Il y a dans nos vies des parfums qui restent prisonniers. Si on faisait sauter le bouchon, l’atmosphère deviendrait agréable à respirer. Quel parfum dans nos vies confinées ?
L’action du Christ Serviteur est subtile, pénétrante comme un parfum.
Jean 12 1-11
L’onction du Roi
« Six jours avant la Pâque, Jésus vint à Béthanie, où était Lazare qu’il avait ressuscité des morts. On lui offrit là un repas. Marthe servait. Lazare était l’un des convives… » (12, 1 2). C’est une petite fraternité réunie autour du Seigneur. « Alors, Marie, prenant une livre d’un parfum de nard pur, de grand prix, oignit les pieds de Jésus et les essuya avec ses cheveux ; la maison s’emplit de la senteur du parfum. » (12, 3). Ce geste gratuit, proche du gaspillage, est interprété par Judas en termes utilitaires (12, 5). Le parfum répandu sur le sol en pure perte désigne un mystère profond. L’homme a besoin de gratuité ; sans elle, la vie est impossible. Or, le Christ est une gratuité inutile : il aime sans raison et veut nous entraîner dans le même amour gratuit. Le geste de Marie fixe l’attention sur la valeur divine, disons universelle, de cette action, car elle s’est répandue dans le monde entier.

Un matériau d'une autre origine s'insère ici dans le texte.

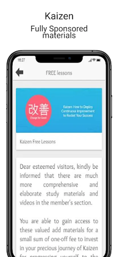 Kaizen: Personal improvement, self-motivated application is a highly versatile and conducive personal improvement portal enabling you to study on the go, spare moments turned into valuable moments.
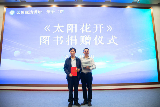杜荣华主持“云影悦读讲坛”第十二期“文学与人生”的主题讲座,并举行了刘克邦著作《太阳花开》的捐赠仪式。刘克邦通过他生活历程中与文学有关的鲜活故事与人物,讲述了他人生奋斗的历程以及对文学钟情和痴迷的情结。他说到:“我热爱生活,钟情散文,始终如一,用笔、用心采撷生活中晶莹闪亮的点滴,捕捉人性中灵动美妙的瞬间,在书写中净化心灵,陶冶秉性,享受生活的诗意,传递人间的真善美。”
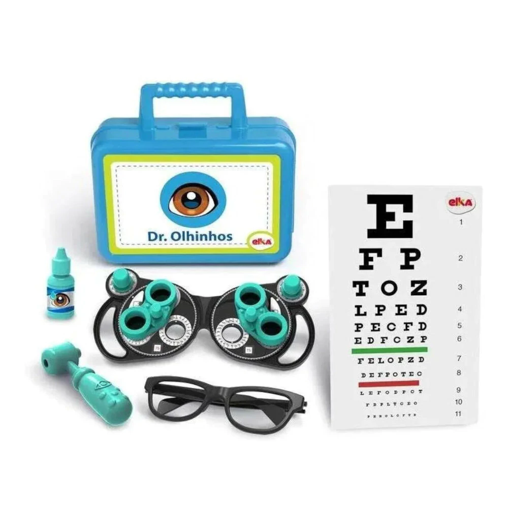 Kit com tudo que um oftalmologista precisa ter! Brincadeiras de faz de conta ajuda a criança a desenvolver habilidades como a criatividade, empatia e competências sociais.
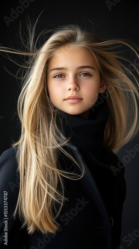 Portrait of a Young Woman with Long Blonde Hair, Wearing a Black Coat
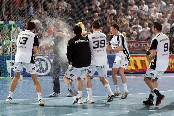 Letztlich stand ein niemals gefährdeter, insgesamt Kräfte schonender 36:28-Erfolg auf der Habenseite des THW Kiel, ehe die "dritte Halbzeit" eingeläutet wurde. Eine Sekt- und Bierdusche für den auch vom Publikum umjubelten Erfolgstrainer Alfred Gislason und schwarzes, weißes und goldenes Konfetti während des Shootings des obigatorischen Meisterfotos durften nicht fehlen. Jedoch: Die Feier fiel kurz aus, denn noch will der THW zwei weitere Titel gewinnen, und das Halbfinal-Hinspiel in der Champions League gegen die Rhein-Neckar Löwen steht bereits am kommenden Sonntag auf dem Spielplan.
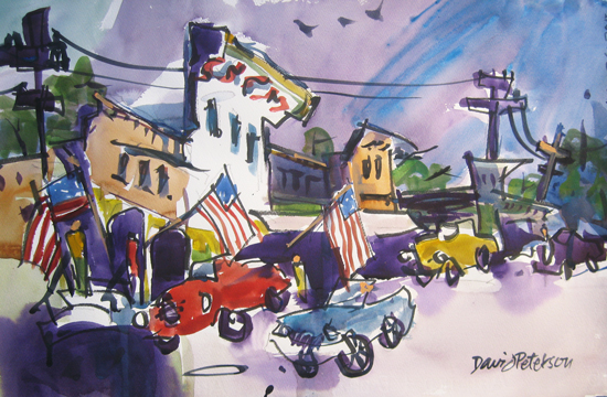 "Bring Back America", watercolor, 22"x15" by David Peterson. Old Town USA. Could this be Folsom?
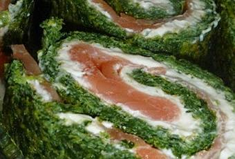 A los diez minutos, solamente que haya templado lo desenrollamos para rellenar. Vamos a preparar el relleno. En un cuenco mediano ponemos el queso y espolvoreamos eneldo seco. Mezclamos bien. Lo ponemos sobre el bizcocho salado y lo extendemos bien que quede uniforme. Encima ponemos el salmón ahumado que cubra toda la superficie pero tampoco que sea demasiado para que no resulte un bocado pesado.
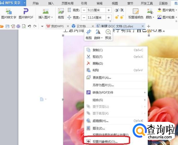 如果是文本文档,一般都是因为图片容量太大,才造成文件过大,我们用WPS打开文档后,任意选择一张图片,右键点击选择“设置对象格式”。
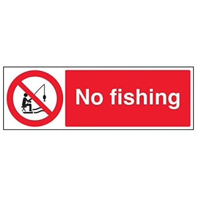 Clearly displays prohibited and potentially dangerous actions which employees and visitors must avoid in the interests of health and safety as per Health and Safety (Safety Signs & Signals) Regulations 1996 Conforms to EN ISO 7010:2012 - Prohibition signs feature a red circular symbol of at least 35% of the total sign area, on a white background, with a black pictogram Landscape Orientation. Sign reads "No Fishing" Highly durable Self Adhesive Vinyl material and screen printed message will stand the test of time Sign measures 450 x 150mm. Self Adhesive material will adhere securely to most surfaces
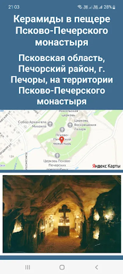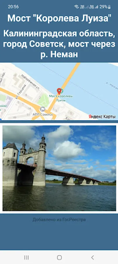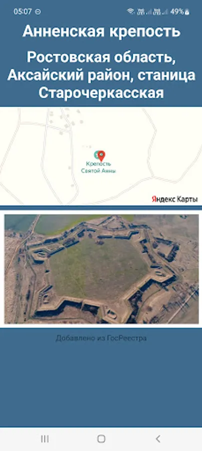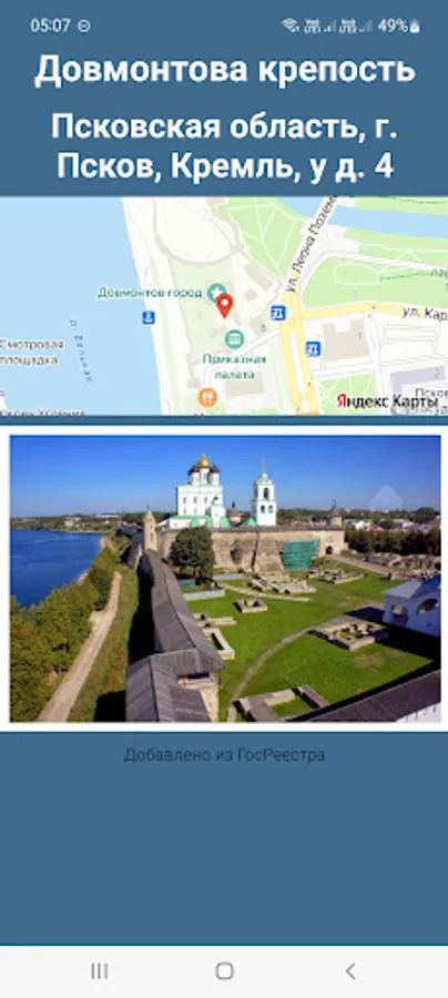 Contains more than 100,000 cultural heritage sites (monuments of history and culture), map marks, photographs, address.

L’amour n’est pas utile. De ce fait, il devient indispensable. Seul comprend celui qui discerne dans l’amour désintéressé une béatitude. Se donner en ne donnant rien d’autre que sa pauvreté, dans la conviction qu’il n’y a rien de mieux à faire. Ce mystère dépasse la raison. Dieu seul peut le faire pressentir à qui se convertit. Fixer son existence dans cet amour rend le monde respirable.
Toutefois, par ce geste au seuil de la Passion, Marie se situe dans l’amour : celui ci commence là où elle a tout abandonné pour n’avoir plus rien d’autre à donner que sa propre personne. Tant qu’elle peut donner des choses, elle entretient l’illusion de l’amour, à moins que ce ne soit là une approche de la voie royale. Qui n’a plus rien que son propre coeur à partager est riche de la présence très humble qu’il apporte. Il entre dans la voie de l’amour. Il brise son coeur comme un vase de parfum aux pieds du Seigneur. Il n’a plus rien d’autre à mettre à sa disposition.

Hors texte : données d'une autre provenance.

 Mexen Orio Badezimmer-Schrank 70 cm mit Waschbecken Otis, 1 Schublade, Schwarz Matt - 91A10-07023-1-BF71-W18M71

A Judas, tenté de distraire ce sens au profit d’autres besoins légitimes, à moins que son manque d’honnêteté n’en soit l’origine (12, 6) Jésus répond : « Laisse la : c’est pour le jour de ma sépulture qu’elle devait garder ce parfum. Les pauvres, en effet, vous les aurez toujours avec vous ; mais moi, vous ne m’aurez pas toujours » (12, 7 8). Le grand Pauvre est Jésus Christ. Le pauvre, c’est aussi le frère que je rencontre sur mon chemin. Il a moins besoin de choses que d’une présence. Et même, un pauvre qui se donne est plus utile qu’un riche qui donne. C’est pourquoi l’Évangile nous avertit : « Il est difficile à un riche d’entrer dans le Royaume de Dieu ». Bienheureux ceux qui sont pauvres, car ils rencontreront la joie suprême de partager ce que Dieu a déposé dans leur cœur.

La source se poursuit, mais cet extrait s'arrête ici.